McGrath's stock plunges 25 per cent on downbeat profit warning

www.first2move.com.au

Real estate company McGrath took a beating on the share market after declaring its financial performance fell "short of expectations".
McGrath was by far the worst performing stock on the ASX, plunging by as much as 25 per cent in early trade on Monday.
Its underperformance — in the first four months of the current financial year — was due to changes in government policy targeting foreign buyers and developers, and tighter lending requirements.
The company also said, in a statement to the market, its results were also impacted by "lower volumes of listings in most markets we serve" and "lower agent numbers".
Significant cost cuts
Unless market conditions improve, McGrath's board is not expecting its pre-tax earnings to exceed $16.6 million — which is the full-year estimate provided by stockbroking firm Bell Potter.
However, in order to reach that target, the company foreshadowed it would need to "make significant cost cuts that may not be in the best interests of the business in the long term".

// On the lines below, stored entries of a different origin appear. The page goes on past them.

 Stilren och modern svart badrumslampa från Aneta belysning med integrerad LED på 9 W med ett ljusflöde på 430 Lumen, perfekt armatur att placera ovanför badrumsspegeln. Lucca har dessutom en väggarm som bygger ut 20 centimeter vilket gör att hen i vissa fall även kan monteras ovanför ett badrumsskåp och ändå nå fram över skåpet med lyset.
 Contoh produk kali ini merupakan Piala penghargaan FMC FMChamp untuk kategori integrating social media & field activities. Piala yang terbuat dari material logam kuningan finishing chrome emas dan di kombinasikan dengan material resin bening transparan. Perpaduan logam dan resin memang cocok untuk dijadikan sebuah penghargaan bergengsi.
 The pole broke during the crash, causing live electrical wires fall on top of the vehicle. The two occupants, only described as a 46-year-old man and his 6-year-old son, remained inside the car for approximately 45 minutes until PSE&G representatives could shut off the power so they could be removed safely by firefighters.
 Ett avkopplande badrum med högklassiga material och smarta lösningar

Under a "preliminary plan", these cost cuts may save about $5 million per year from the business, after it incurs a one-off restructuring cost of $1.4 million -$1.6 million.

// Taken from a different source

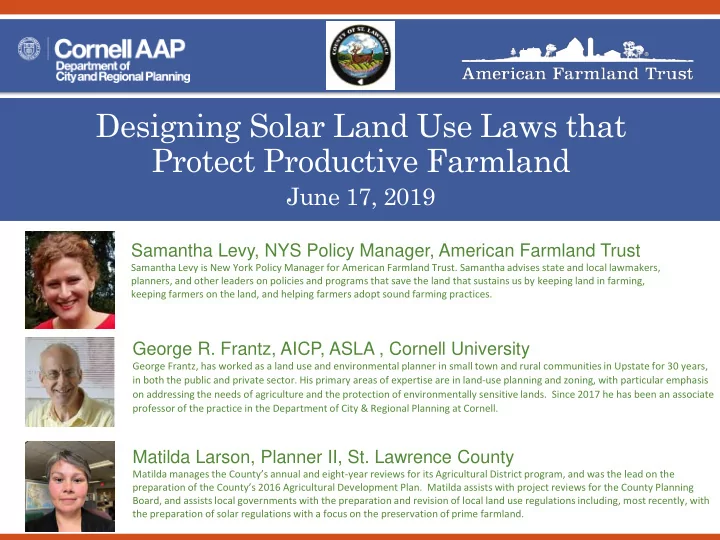 Designing Solar Land Use Laws that Protect Productive Farmland June 17, 2019 Samantha Levy, NYS Policy Manager, American Farmland Trust Samantha Levy is New York Policy Manager for American Farmland Trust. Samantha advises state and local lawmakers, planners, and other leaders on policies and programs that save the land that sustains us by keeping land in farming, keeping farmers on the land, and helping farmers adopt sound farming practices. George R. Frantz, AICP, ASLA , Cornell University George Frantz, has worked as a land use and environmental planner in small town and rural communities in Upstate for 30 years, in both the public and private sector. His primary areas of expertise are in land-use planning and zoning, with particular emphasis on addressing the needs of agriculture and the protection of environmentally sensitive lands. Since 2017 he has been an associate professor of the practice in the Department of City & Regional Planning at Cornell. Matilda Larson, Planner II, St. Lawrence County Matilda manages the County’s annual and eight-year reviews for its Agricultural District program, and was the lead on the preparation of the County’s 2016 Agricultural Development Plan. Matilda assists with project reviews for the County Planning Board, and assists local governments with the preparation and revision of local land use regulations including, most recently, with the preparation of solar regulations with a focus on the preservation of prime farmland.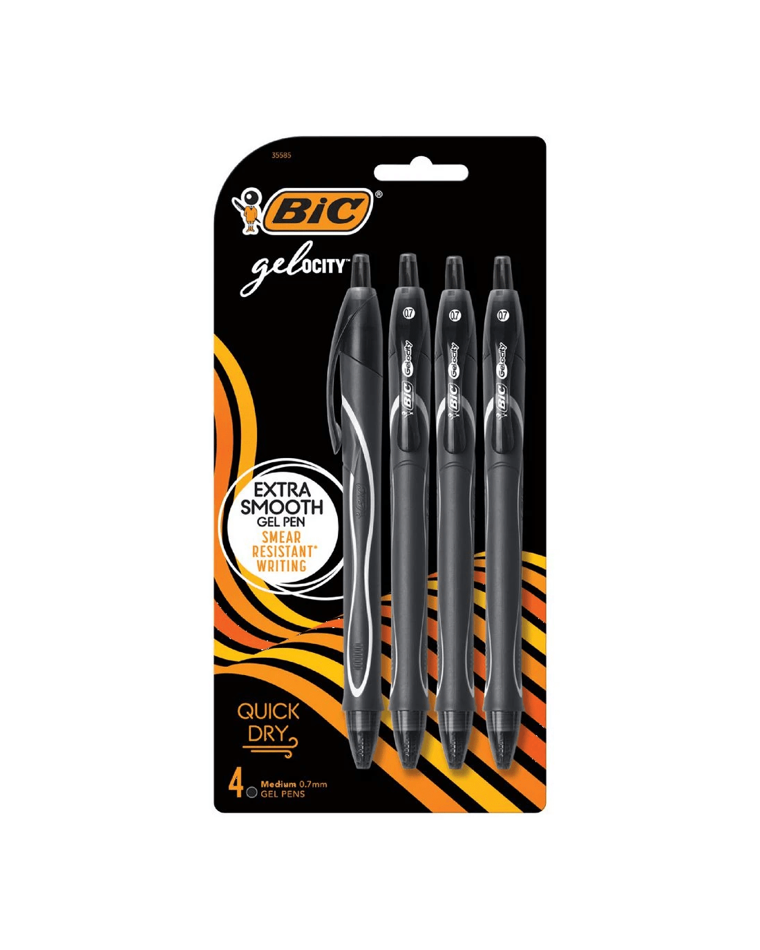 BIC Gelocity Quick Dry Gel Pens 0.7mm Black 4 Pack

"Most of these savings will be achieved by restructuring the Board, Executive and Leadership team, removing management associated with M&A and Company Owned Office expansion activities and non-revenue generating roles across the organisation," the company said.
If that cost-saving plan is pursued, McGrath expects pre-tax earnings in the current financial year to be around $12.5 million - $13.3 million — which is 20-25 per cent lower than what Bell Potter estimated.